Problem description: Look below for the line holding "葉は枝に対になって付き(対生)、 割と大きな葉で先端が浅く3~5個に割れています。 先端は鋭く尖り、" and the line holding "Description: ENSZ 1977.". Repeat those two and everything between, exactly.

Data:
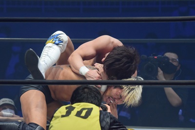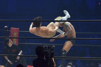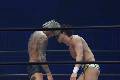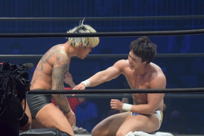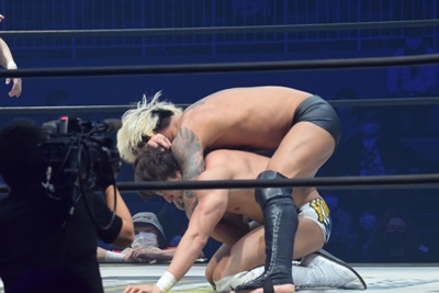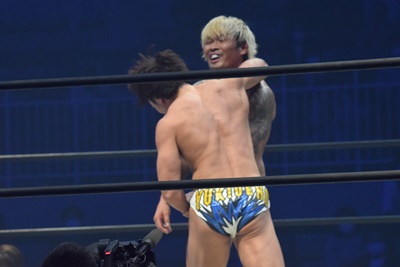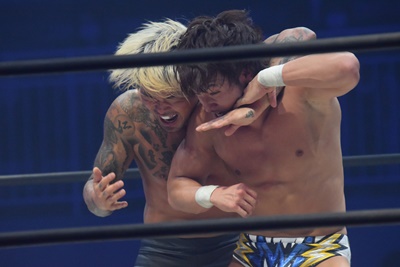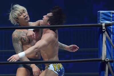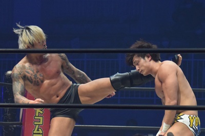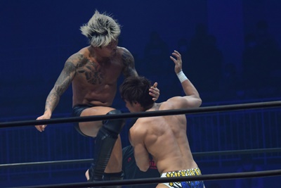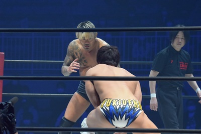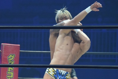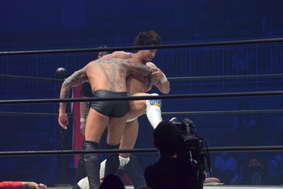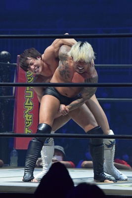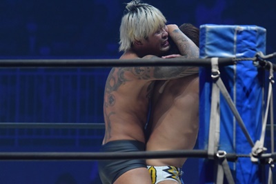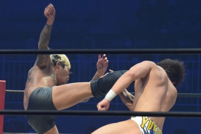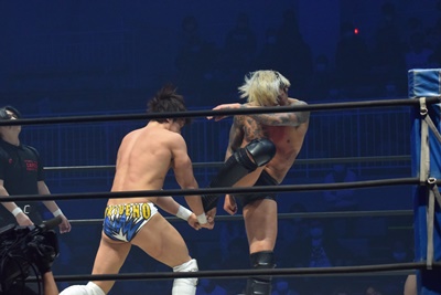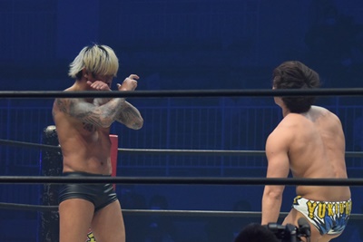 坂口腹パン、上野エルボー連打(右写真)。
--
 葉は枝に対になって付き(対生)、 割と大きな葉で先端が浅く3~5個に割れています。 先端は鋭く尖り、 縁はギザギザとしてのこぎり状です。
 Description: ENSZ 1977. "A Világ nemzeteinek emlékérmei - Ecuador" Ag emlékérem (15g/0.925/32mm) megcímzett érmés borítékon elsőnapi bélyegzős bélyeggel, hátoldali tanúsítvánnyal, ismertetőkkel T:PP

Written solution:
 葉は枝に対になって付き(対生)、 割と大きな葉で先端が浅く3~5個に割れています。 先端は鋭く尖り、 縁はギザギザとしてのこぎり状です。
 Description: ENSZ 1977. "A Világ nemzeteinek emlékérmei - Ecuador" Ag emlékérem (15g/0.925/32mm) megcímzett érmés borítékon elsőnapi bélyegzős bélyeggel, hátoldali tanúsítvánnyal, ismertetőkkel T:PP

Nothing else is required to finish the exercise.